Beginning with the first line, retype exactly the records below up to and including the line with "Dit huisnummerbord toont"; pictures do not belong in the copy.

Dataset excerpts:
····················
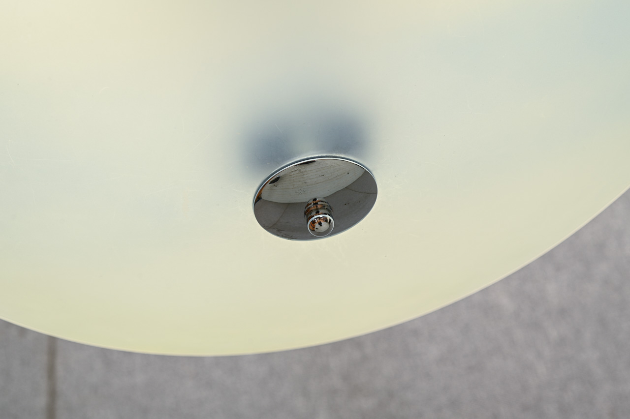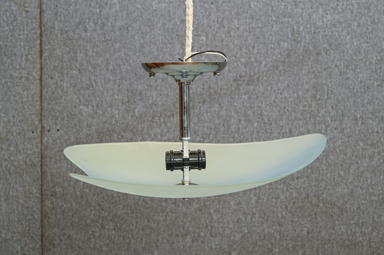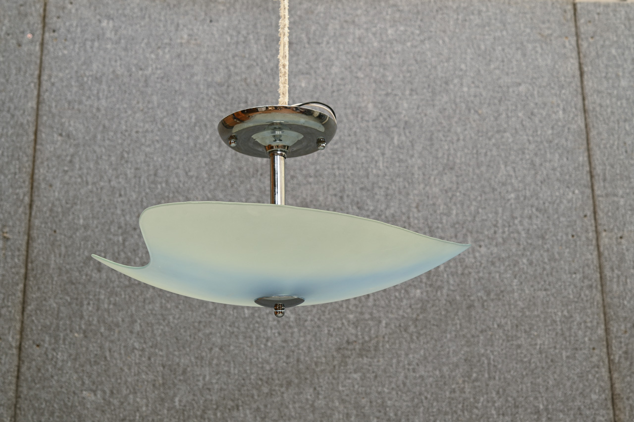 Griestu lampa ar matēta stikla, asimetriskas formas stikla kupolu. Kods 860240.
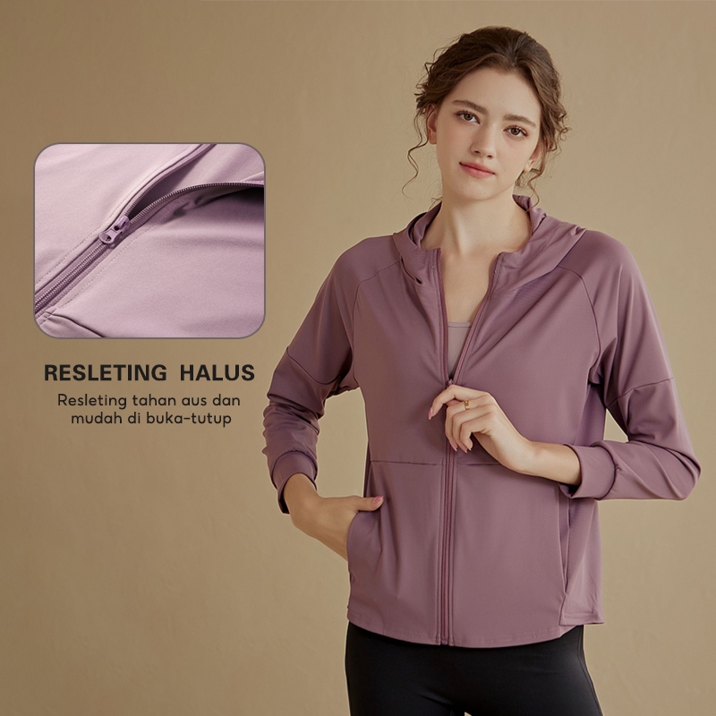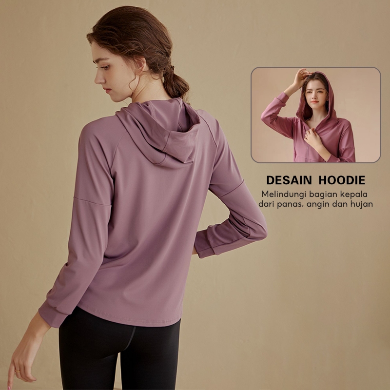 RATU Jaket Olahraga Wanita Lengan Panjang Baju Gym Hoodie Olahraga Anti UV Untuk Yoga Gym Fitnes
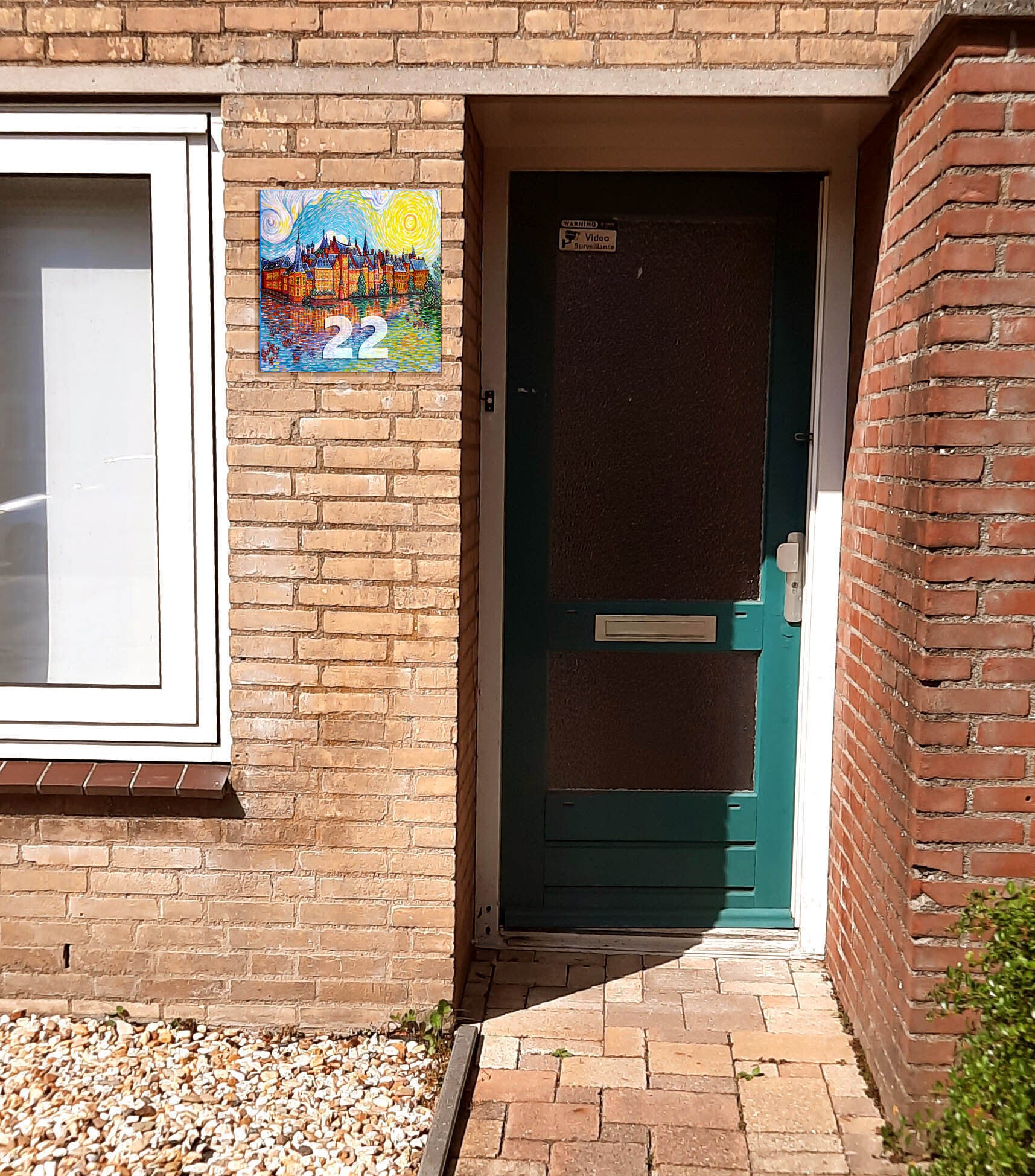 Dit huisnummerbord toont het Haagse Binnenhof, geschilderd Als Van Gogh. De herkenbare stijl en het warme kleurgebruik zorgen ervoor dat elk huisbezoek begint met een goed gevoel.
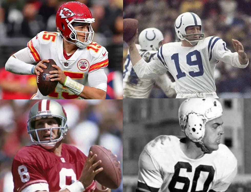 Unitas wasn’t just an efficiency quarterback, he was the focal point of the passing attack in an era that emphasized running the ball. Unitas led the NFL in pass attempts and passing yards four times, despite playing and strong teams that were often leading. When Unitas retired in 1973, he was the all-time passing leader with 40,239 yards (7K more than Y.A. Tittle) and 290 touchdowns (48 more than Tittle).
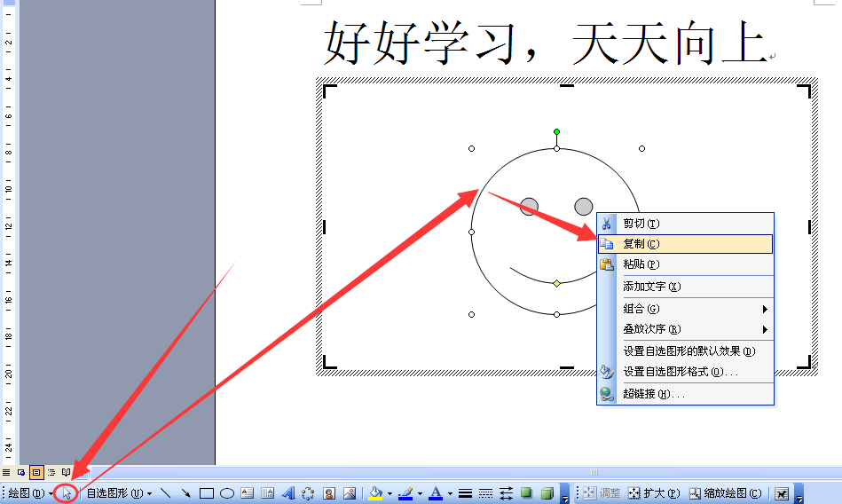 (3)旋转:选中要旋转对象,然后在“绘图”中的“旋转或翻转”中选择“自由旋转”图标按钮,把鼠标移动到一个绿色的小点上,鼠标则会变成一环型箭头指针,按住鼠标左键,再拖动鼠标使对象绕其中心旋转即可;若需以15°为角度改变单位旋转,可在牵引同时按住“Shift”键。
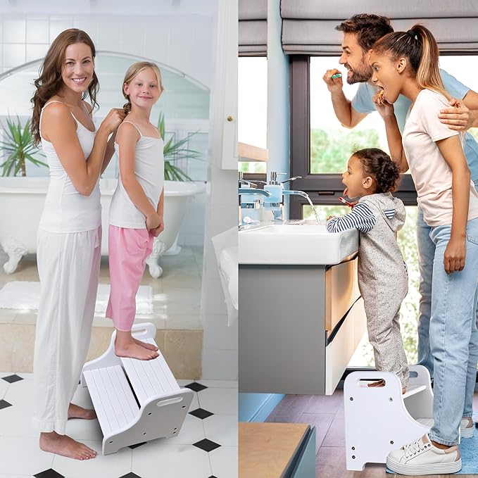Wooden Step Stool for Kid Toddler, Potty Training for Children with 2 Built-in Handle 300lbs Load Capacity, Acacia Foot Stool Helps Your Kid Independently for Brushing, Grabbing Things (White)
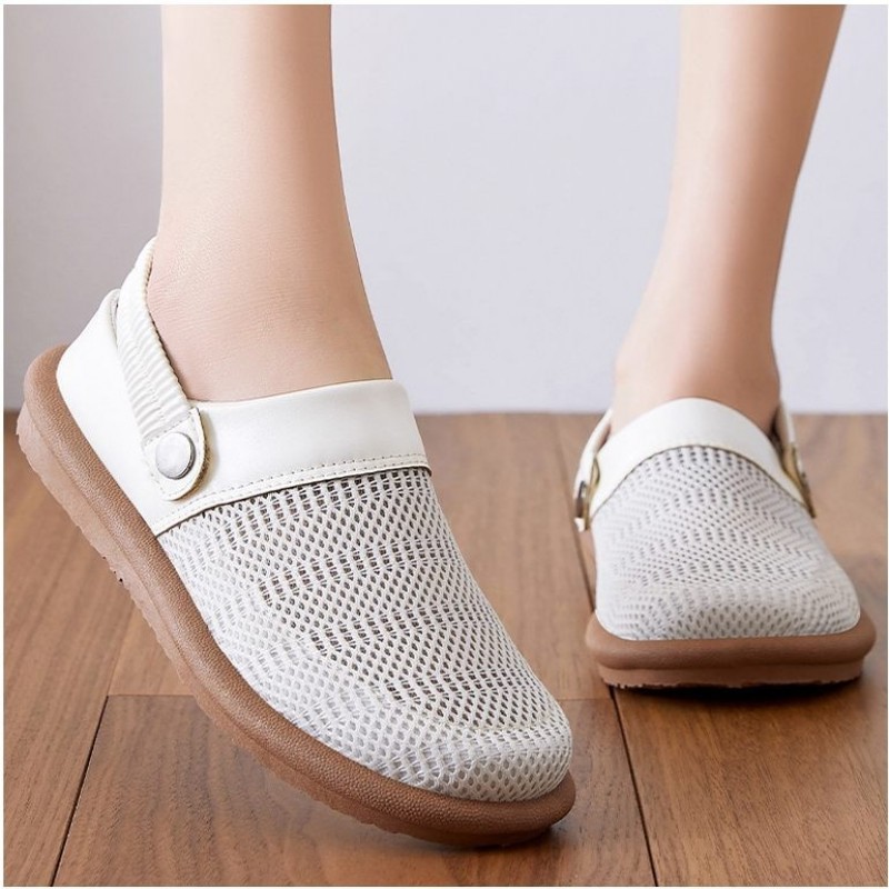 涼鞋女款夏季鏤空網面鞋 日系簡約包頭拖鞋軟底休閒鞋
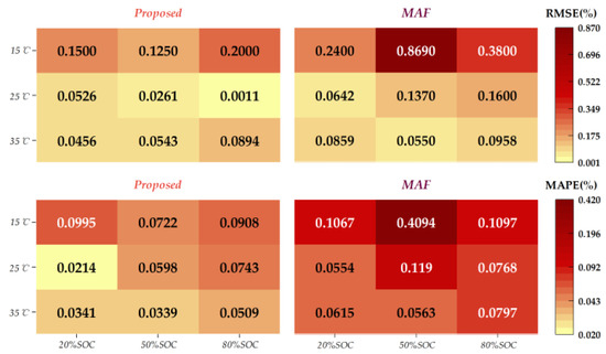 The RMSE and MAPE of the two methods in different cases were compared, as shown in Figure 10. When the lithium-ion battery was at an ambient temperature of 15 °C and 50% SOC, the difference in RMSE and MAPE between the two methods was the largest. The RMSE and MAPE of the proposed method were reduced by 85.6% and 82.3% compared with those of the MAF.
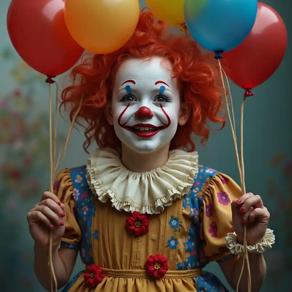 Jente har en klovn kostym, klovn ansikt holder ballonger, realistisk, storslått,
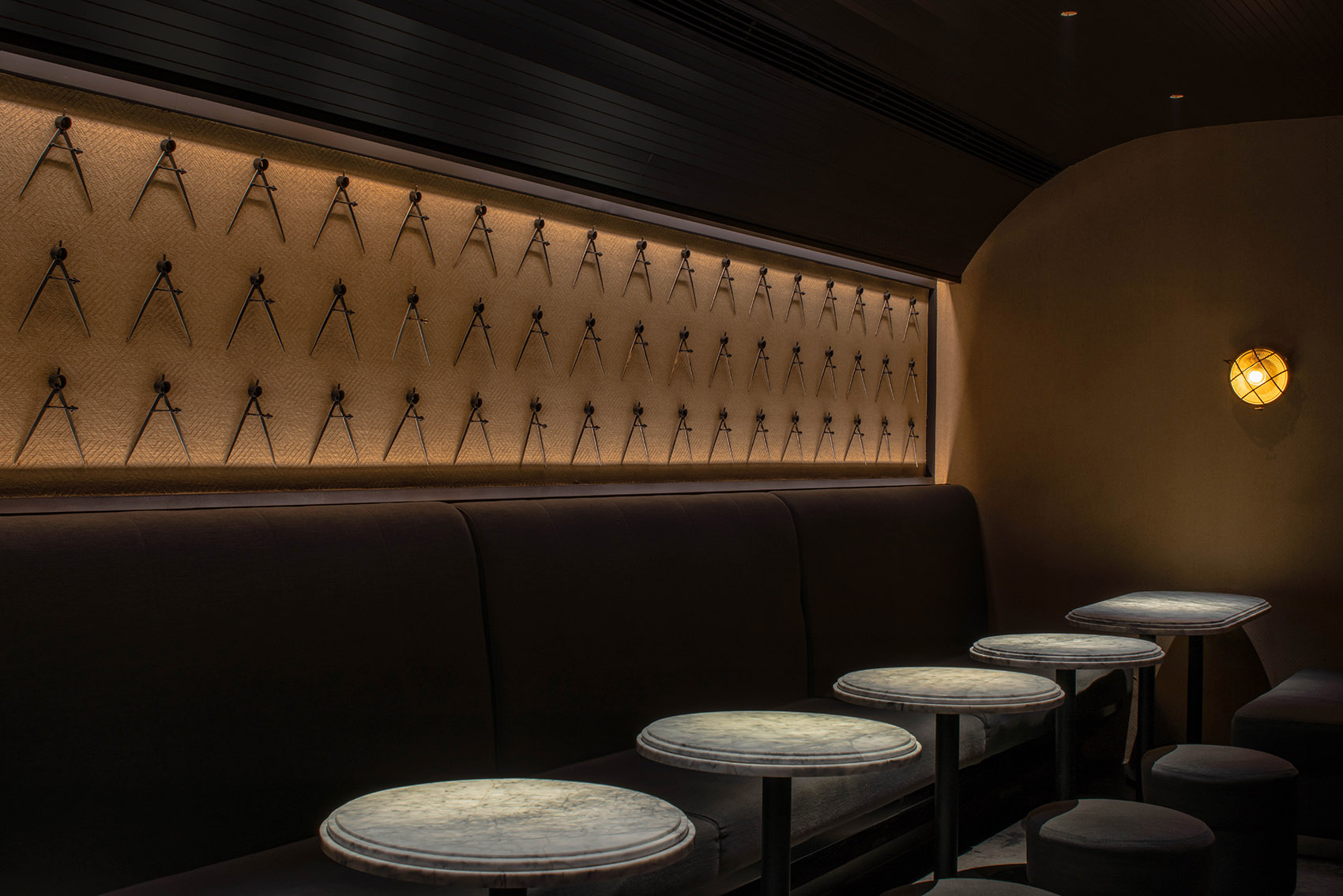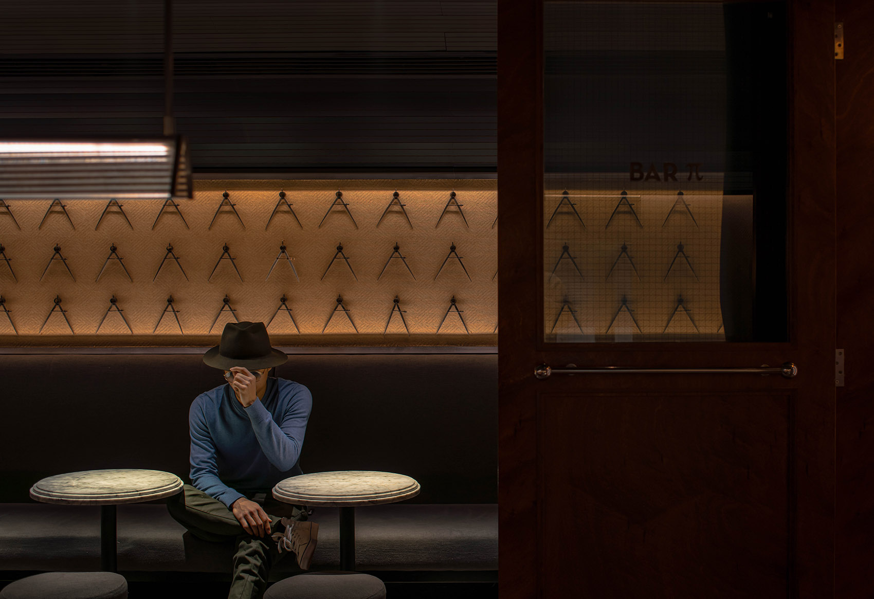 “Bar π”作为设计师从命名、设计到共同经营的设计型酒吧,完全从设计角度,将对于「空间体验」的理解作出极致的表达。圆规与π之间的联系不言而喻,用圆规作为「Bar π」品牌的视觉符号,阵列式的圆规墙在获得辨识度的同时,超越了语言和文字的局限。酒单的主视觉元素和调酒的命名都围绕着数学的主题,如圆周率,三角函数,欧姆定律等等;甚至是经营时间播放歌单的选择,都是“Bar π”想要达到的更为整体的空间消费体验。
····················
> **EXERCISE OUTPUT**
 Griestu lampa ar matēta stikla, asimetriskas formas stikla kupolu. Kods 860240.
 RATU Jaket Olahraga Wanita Lengan Panjang Baju Gym Hoodie Olahraga Anti UV Untuk Yoga Gym Fitnes
 Dit huisnummerbord toont het Haagse Binnenhof, geschilderd Als Van Gogh. De herkenbare stijl en het warme kleurgebruik zorgen ervoor dat elk huisbezoek begint met een goed gevoel.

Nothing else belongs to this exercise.